Records to use: Begin

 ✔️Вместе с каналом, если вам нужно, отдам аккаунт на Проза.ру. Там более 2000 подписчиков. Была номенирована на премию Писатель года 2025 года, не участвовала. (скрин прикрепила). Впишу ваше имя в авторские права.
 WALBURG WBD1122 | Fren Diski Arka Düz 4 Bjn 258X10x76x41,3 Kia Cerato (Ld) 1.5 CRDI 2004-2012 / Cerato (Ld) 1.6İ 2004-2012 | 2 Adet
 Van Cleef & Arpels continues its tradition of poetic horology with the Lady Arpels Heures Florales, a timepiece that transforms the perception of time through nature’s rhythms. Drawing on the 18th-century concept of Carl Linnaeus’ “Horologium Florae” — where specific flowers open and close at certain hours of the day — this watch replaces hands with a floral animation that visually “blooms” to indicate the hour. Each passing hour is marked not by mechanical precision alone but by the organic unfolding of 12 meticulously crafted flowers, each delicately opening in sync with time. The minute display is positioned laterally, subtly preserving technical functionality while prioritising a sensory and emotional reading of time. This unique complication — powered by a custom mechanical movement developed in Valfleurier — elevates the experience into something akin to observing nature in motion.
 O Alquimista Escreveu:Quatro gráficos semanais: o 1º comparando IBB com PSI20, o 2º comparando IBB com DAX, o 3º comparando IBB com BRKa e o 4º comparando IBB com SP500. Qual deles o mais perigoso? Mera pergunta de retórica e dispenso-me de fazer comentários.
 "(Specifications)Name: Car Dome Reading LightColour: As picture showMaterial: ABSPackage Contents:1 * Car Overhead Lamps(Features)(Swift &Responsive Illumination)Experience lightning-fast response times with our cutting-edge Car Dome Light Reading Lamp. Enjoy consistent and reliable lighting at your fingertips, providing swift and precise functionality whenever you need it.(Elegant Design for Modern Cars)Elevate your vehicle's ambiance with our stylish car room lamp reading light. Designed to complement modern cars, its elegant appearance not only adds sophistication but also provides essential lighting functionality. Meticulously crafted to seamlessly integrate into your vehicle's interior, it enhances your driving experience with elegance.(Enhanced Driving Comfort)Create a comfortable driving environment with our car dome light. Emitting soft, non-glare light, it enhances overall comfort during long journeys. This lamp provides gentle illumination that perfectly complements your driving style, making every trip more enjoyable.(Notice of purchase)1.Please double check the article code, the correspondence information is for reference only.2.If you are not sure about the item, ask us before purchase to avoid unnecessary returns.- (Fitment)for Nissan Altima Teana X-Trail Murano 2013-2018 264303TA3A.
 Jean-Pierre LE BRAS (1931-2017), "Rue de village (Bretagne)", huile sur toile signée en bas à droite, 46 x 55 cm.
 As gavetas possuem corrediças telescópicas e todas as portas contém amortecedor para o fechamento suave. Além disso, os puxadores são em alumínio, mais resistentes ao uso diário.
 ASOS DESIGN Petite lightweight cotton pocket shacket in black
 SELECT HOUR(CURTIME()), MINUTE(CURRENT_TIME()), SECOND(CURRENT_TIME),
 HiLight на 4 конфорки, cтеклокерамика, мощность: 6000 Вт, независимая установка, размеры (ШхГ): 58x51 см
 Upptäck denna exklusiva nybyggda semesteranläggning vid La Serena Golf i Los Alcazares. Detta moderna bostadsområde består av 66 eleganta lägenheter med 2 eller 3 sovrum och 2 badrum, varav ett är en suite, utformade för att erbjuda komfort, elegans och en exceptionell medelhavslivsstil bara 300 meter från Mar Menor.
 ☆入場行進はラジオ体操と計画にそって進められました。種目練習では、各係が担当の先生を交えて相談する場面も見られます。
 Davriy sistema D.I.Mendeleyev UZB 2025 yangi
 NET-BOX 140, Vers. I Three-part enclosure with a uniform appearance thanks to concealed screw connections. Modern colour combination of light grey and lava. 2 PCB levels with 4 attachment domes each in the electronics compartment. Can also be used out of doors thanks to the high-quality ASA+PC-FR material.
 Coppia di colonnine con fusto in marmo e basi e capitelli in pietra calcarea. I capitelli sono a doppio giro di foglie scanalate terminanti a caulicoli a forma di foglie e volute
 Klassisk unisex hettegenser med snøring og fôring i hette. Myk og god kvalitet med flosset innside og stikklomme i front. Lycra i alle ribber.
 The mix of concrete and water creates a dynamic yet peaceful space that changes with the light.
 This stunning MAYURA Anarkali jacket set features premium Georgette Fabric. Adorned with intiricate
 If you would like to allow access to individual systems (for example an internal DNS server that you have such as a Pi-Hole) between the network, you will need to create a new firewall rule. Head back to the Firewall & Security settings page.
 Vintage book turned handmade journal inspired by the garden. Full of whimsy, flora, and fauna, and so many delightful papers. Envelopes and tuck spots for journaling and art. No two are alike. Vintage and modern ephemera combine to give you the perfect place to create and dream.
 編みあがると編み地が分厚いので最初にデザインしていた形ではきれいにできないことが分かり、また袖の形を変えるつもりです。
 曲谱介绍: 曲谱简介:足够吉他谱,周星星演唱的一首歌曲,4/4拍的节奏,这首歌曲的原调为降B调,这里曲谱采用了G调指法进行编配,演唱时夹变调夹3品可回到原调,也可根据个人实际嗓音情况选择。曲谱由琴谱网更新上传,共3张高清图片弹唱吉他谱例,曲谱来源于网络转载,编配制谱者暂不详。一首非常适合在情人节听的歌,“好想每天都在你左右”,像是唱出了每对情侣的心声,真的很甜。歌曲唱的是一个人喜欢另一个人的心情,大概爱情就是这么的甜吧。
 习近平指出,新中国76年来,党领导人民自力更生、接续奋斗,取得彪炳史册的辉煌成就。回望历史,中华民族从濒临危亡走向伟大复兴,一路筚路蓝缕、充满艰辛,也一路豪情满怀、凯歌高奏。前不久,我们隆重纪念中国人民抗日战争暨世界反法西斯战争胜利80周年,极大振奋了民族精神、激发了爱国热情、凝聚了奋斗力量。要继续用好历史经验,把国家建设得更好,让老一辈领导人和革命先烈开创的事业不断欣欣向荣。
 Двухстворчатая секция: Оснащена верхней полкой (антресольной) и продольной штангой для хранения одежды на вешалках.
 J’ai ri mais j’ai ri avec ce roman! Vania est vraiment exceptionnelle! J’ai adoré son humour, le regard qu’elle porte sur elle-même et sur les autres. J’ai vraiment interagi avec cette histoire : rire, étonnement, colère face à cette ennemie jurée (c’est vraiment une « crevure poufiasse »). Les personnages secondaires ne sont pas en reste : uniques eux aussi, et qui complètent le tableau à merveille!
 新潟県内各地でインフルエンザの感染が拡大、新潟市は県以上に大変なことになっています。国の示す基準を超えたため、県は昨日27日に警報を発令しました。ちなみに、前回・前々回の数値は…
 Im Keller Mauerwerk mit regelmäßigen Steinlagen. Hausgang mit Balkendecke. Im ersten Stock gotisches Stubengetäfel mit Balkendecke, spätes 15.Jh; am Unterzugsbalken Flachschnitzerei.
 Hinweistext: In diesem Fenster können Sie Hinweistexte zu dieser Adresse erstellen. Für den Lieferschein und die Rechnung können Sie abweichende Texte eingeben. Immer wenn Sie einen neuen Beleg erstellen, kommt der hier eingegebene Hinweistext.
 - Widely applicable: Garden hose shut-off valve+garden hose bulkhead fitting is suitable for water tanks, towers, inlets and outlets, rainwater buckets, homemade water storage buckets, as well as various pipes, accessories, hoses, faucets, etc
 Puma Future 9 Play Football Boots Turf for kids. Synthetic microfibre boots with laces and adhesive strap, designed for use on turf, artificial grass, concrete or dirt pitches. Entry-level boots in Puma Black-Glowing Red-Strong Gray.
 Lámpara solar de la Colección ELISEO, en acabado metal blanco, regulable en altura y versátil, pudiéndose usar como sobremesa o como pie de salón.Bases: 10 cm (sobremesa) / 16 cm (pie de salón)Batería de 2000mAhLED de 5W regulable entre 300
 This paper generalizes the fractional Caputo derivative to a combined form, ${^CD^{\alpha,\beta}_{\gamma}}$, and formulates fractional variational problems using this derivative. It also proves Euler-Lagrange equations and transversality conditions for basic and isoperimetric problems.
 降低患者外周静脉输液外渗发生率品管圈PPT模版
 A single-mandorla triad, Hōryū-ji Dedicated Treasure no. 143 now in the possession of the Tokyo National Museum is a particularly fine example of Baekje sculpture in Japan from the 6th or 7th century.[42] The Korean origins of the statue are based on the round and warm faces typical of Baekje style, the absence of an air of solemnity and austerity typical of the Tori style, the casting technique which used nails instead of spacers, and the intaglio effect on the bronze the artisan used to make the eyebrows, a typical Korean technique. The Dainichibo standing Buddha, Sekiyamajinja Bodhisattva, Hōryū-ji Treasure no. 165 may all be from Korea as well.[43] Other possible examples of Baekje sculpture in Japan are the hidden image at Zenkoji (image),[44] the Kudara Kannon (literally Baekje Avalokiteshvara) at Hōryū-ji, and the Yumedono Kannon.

Records to use: End

Task instructions: Nothing beyond the line that contains "WALBURG WBD1122 |" belongs in the answer; reproduce the entries exactly from their first line through it.

Result of this task:
 ✔️Вместе с каналом, если вам нужно, отдам аккаунт на Проза.ру. Там более 2000 подписчиков. Была номенирована на премию Писатель года 2025 года, не участвовала. (скрин прикрепила). Впишу ваше имя в авторские права.
 WALBURG WBD1122 | Fren Diski Arka Düz 4 Bjn 258X10x76x41,3 Kia Cerato (Ld) 1.5 CRDI 2004-2012 / Cerato (Ld) 1.6İ 2004-2012 | 2 Adet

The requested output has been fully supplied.